What have you learned about patient and public involvement in research since becoming involved?
Prior to my involvement, I thought researchers were in a glass bubble, that they were very special and that they did things that nobody questioned. Now, I have learned that they are out there, craving information from patients.
They want to know “What effect does this have?”, “How does this affect you?”, “What do you feel and think about this?” They need all of that to feed back into their work so that there is that subjective slant to their research. I never knew that was there.
When I explain to my friends and family what I am involved in, they all think it’s amazing.
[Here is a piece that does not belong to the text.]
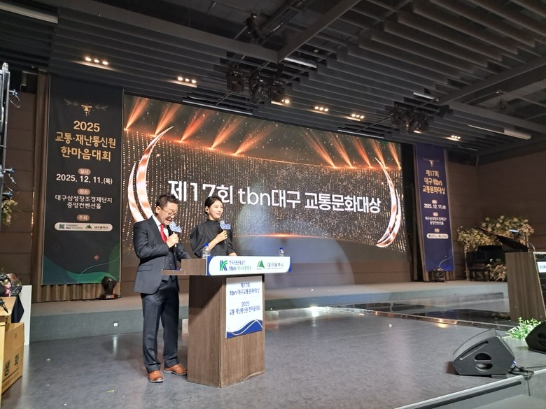 ▸ 대상 1명(최고점), 본상 3명(친절버스·교통문화·교통정책) 선정 [대구 세계타임즈=한윤석 기자] 대구광역시는 한국도로교통공단 TBN대구교통방송과 함께 올 한 해 지역 교통문화 발전에 기여한 지역민과 단체를 격려하기 위해 12월 11일(목) 오전 11시, 삼성창조경제단지 중앙컨벤션홀에서 ‘제17회 TBN대구교통문화상’ 시상식을 개최했다.
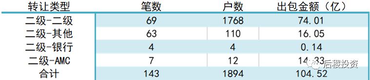 另上述所列二级投资机构中,出包机构中有六家具有国资背景,收包机构中多达12家有国资背景,同时有三家“海尔系”企业。虽未在上述图表中列明,但二级投资机构中,还看到了律师事务所作为主体多次参与了出包和收包,也表明了市场参与主体的逐渐多元化。

It’s very tangible what we’re trying to achieve.
How important do you think patients’ voices are in the research process?
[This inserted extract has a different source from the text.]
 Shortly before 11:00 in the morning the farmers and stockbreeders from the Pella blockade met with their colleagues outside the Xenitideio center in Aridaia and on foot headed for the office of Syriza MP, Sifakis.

I think we are learning from the researchers that our voices are important. Throughout my illness, I wouldn’t have felt that my voice was at all important. For a long time during my illness, I didn’t even feel that I had a voice because I was very ill and weak. My sister was my voice and she was working with my best intentions in mind, but you do lose your own voice.
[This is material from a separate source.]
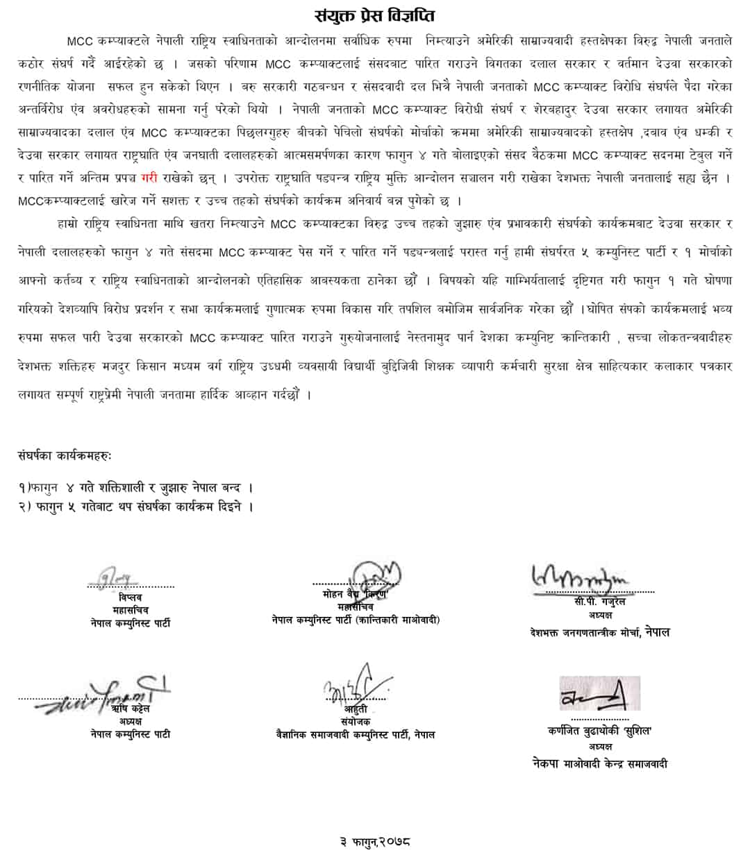 काठमाडौं । सरकारले अमेरिकी सहयोग परियोजना एमसीसी संसदमा टेबुल गर्ने निर्णय गरेको विरोधमा नेपालका पाँच वामपन्थी पार्टीहरुले भोलि फागुन ४ गते नेपाल बन्दको घोषणा गरेका छन् । अमेरिकी सहयोग परियोजना एमसीसी भोलि संसदमा टेबुल गर्न प्रधानमन्त्री शेर बहादुर देउवाले बलजफ्ती गरेपछि पाँच वटा पार्टी तथा एउटा मोर्चाले देशव्यापी नेपाल बन्दको घोषणा गरेको हो । आज बसेको पाँच वटै पार्टी र मोर्चाको संयुक्त बैठकले भोलि नेपाल बन्दको निर्णय गरेको हो । संयुक्त बैठकको बक्तव्य केहीबेरमा जारी हुनेछ ।

I have heard researchers come along and talk about what they are trying to achieve and you know, they really need patients to talk to them and share their experiences and that has been a real eye opener. It has been a transformative experience for me I have to say.
What personal value have you gotten from your involvement?
Meeting Amanda! That’s a wonderful experience for anyone to have, seeing the passion she brings to her work. It gives me great hope as a former patient to see that there are people behind the scenes who care so much about research and its immediate impact on patient care.
When you look at the various PPI communities that are now cropping up, everyone is realising the importance of them. We are starting to realise that people who have had the lived experience or are going through it do have a lot to add to the research process. The researchers have, I feel, come out of their bubble and realised that they need this very tangible information that patients can offer.
Would you encourage others to get involved?
I would, absolutely!
So many people are peripherally involved in a loved one’s cancer journey. I saw it when I got ill. My sister was my absolute saviour. All my family had a huge part to play and all of their families too. Every day and night I had someone coming in to visit me. I never asked, but they were always there, it was just amazing. My friends were amazing too.
Other people have to be involved in your journey, no matter how independent you are. I was in hospital for seven months, so it was a long time for people to keep coming to see me. Then, when I came home, I wasn’t physically able to do things for myself, so my friends came over and cleaned my house. They did my shopping and my washing, they were so wonderful and I will always thank them.
There are also other caregivers involved, take my GP for example. She had always been there for me but outside the inner circle. I would go to see her every so often or she would ring just for a chat. And all the consultants, nurses, pharmacists, physios, the myriad of people who support and care for you, you come to depend on them.
My journey with leukaemia was acute. I still have little things wrong with me that will continue for the rest of my life and that’s fine. There are people who are living with chronic illness whose journey will never really finish, they live day to day, whether on medication or on a course of treatment with no end in sight.
I think people in the periphery of your journey can learn more about you if they see you in the PVCR space because they can see how you’re interacting with others on the same journey. When I walk into a PVCR meeting room or event, I feel my shoulders go down. I just relax. I know that I am in a very safe space and that I can talk about anything.
We’ve all become very good friends at this stage, I have a very warm relationship with so many of the committee now, it’s so lovely!